U.C. Davis Law Review
Philip J. Weiser, The Future of Internet Regulation, 43 U.C. Davis L. Rev. 529 (2009), available at https://scholar.law.colorado.edu/faculty-articles/263.
Policymakers are at a precipice with regard to Internet regulation. The Federal Communications Commission's ("FCC") self-styled adjudication of a complaint that Comcast violated the agency's Internet policy principles (requiring reasonable network management, among other things) clarified that the era of the non-regulation of the Internet is over. Equally clear is that the agency has yet to develop a model of regulation for a new era. As explained in this Article, the old models of regulation - reliance on command-and-control regulation or market forces subject only to antitrust law - are doomed to fail in a dynamic environment where cooperation is necessary to promote effective competition and continued Internet connectivity. Thus, this Article calls for a new model of regulation built around the concept of "co-regulation" - a self-regulatory body subject to public agency oversight - as the best strategy for Internet regulation going forward.

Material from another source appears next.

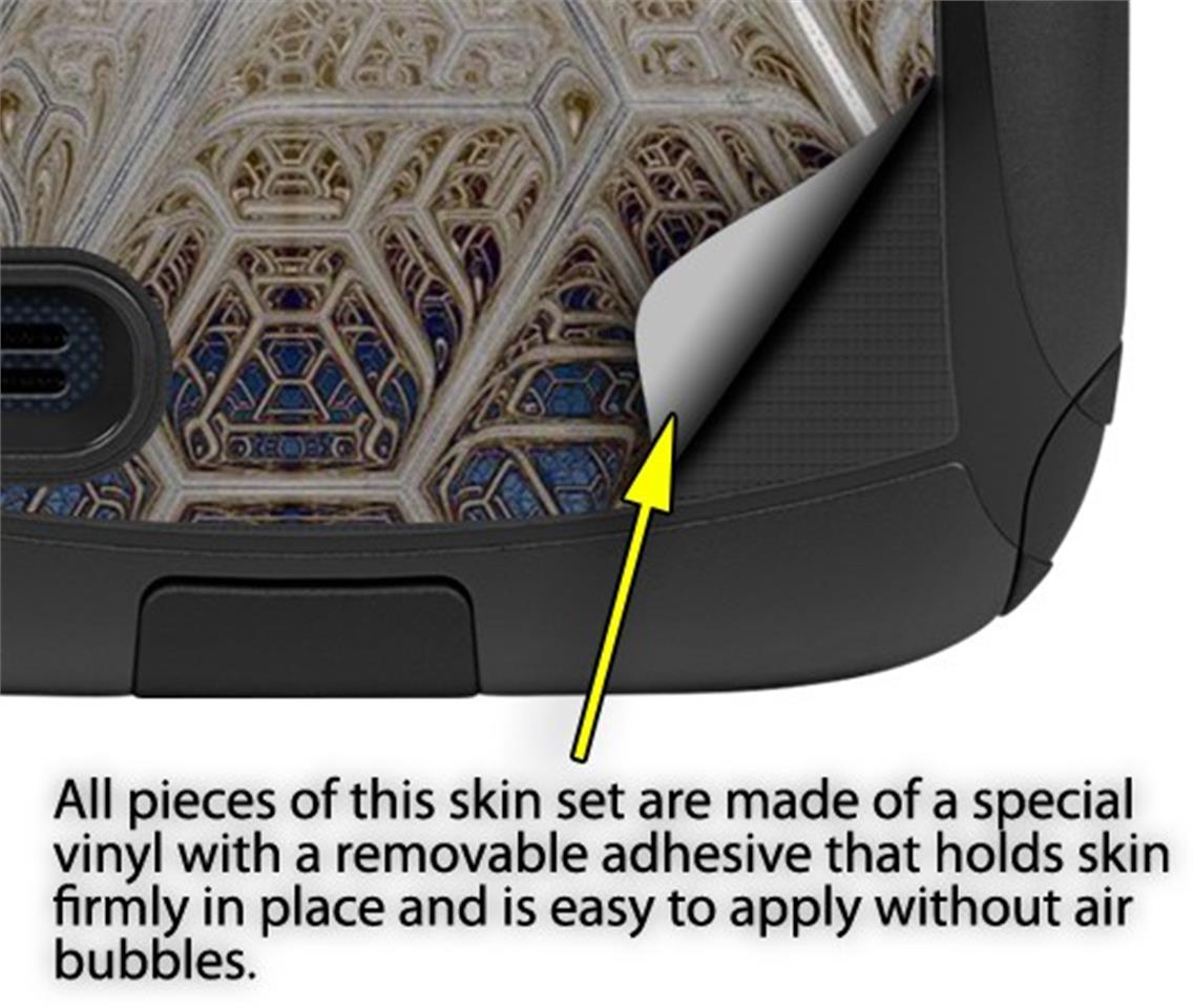 WraptorSkinz® are self adhering vinyl decal style skins and are a great way to add a new look to your protective case. WraptorSkinz® are a composite of two layers of commercial grade materials. The bottom layer is a soft, flexible vinyl with a special removable adhesive that is easily positioned, applied without air bubbles. Next we print the bottom layer with UV protected, fade resistant inks that deliver superb photo quality designs in vibrant colors. Finally we bond a professional grade laminate over the entire skin adding a glossy protective finish.

This Article outlines a three-part strategy for the FCC, or any other authorized agency, to oversee Internet connectivity disputes such as those involving network management practices by broadband providers or Internet backbone interconnection. First, it calls on the FCC to act as a norm entrepreneur, identifying areas where cooperation is essential and setting forth the broad terms that should govern that cooperation. Second, it explains how the FCC could use a model of co-regulation, with a private sector collaborative body operating under its oversight. Third, it recommends that the FCC should exercise ex post adjudicative authority (rather than ex ante rulemaking authority), in tandem with the role played by the private body, to address breakdowns in cooperation and any departures from announced norms. This model, while of particular relevance to the future of Internet regulation, can be applied more broadly, thereby meriting the attention of policymakers and scholars interested in the future of the administrative state.